Future of mobile computing : Rolltop - imsaar
http://www.youtube.com/watch_popup?v=7H0K1k54t6A

======
Readmore
Sorry, no. We're already so far beyond something that design that we'll never
take that path.

Slates are the way forward.

------
Zak
You can have my mechanical keyboard when you pry it out of my cold, dead
fingers.

It's cool as a design study, but that full-size-ish mechanical keyboards will
remain popular as long as working with more than a paragraph of text at a time
remains popular. A device like this could probably do fairly well around the
$500 price point, but I think it would be very niche much higher than that.
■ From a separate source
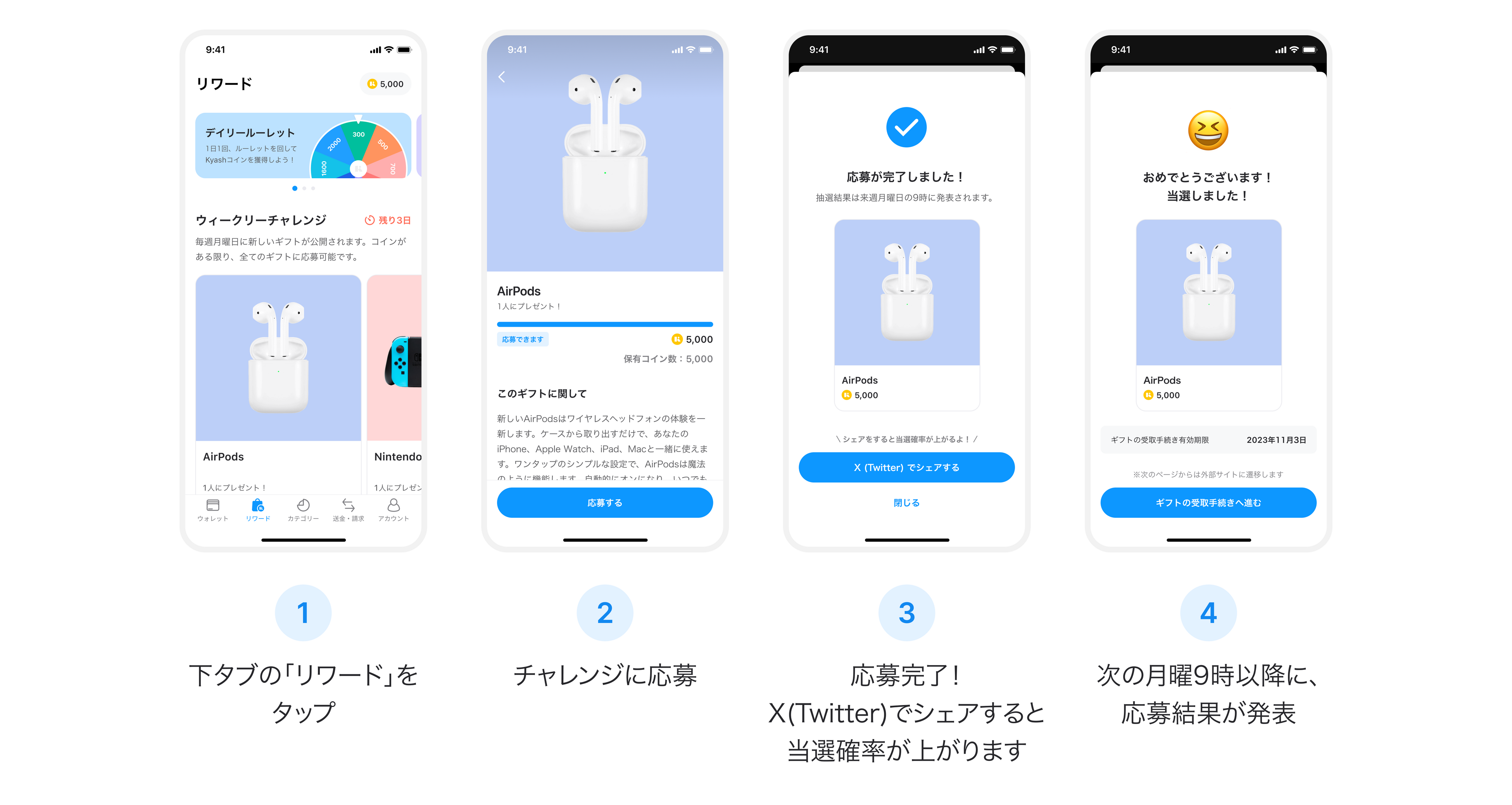 これまでKyashで決済した金額の最大1%をポイントとして還元していましたが、加えて今後はKyashコインも貯まるようになり、抽選で人気賞品が当たるチャレンジがお楽しみいただけます。

What I _would_ like to see is a better implementation of the basic concept
behind the Touchbook - a tablet that becomes a clamshell notebook when
attached to a removable keyboard/base. That base should certainly include an
extra battery and might also add more processing power, storage and
connectivity.

------
imsaar
Very interesting idea, I think OLEDs are still very expensive but they have
started to show up in consumer electronics in small sizes. This combined with
10GUI.com interface enhancements and it would be awesome.

I still wish there was a way to do more tactile keyboard. My wish is a gel
keyboard win with you partly immerse your fingers and keys are configurable in
software.

------
mey
What happens when it rains?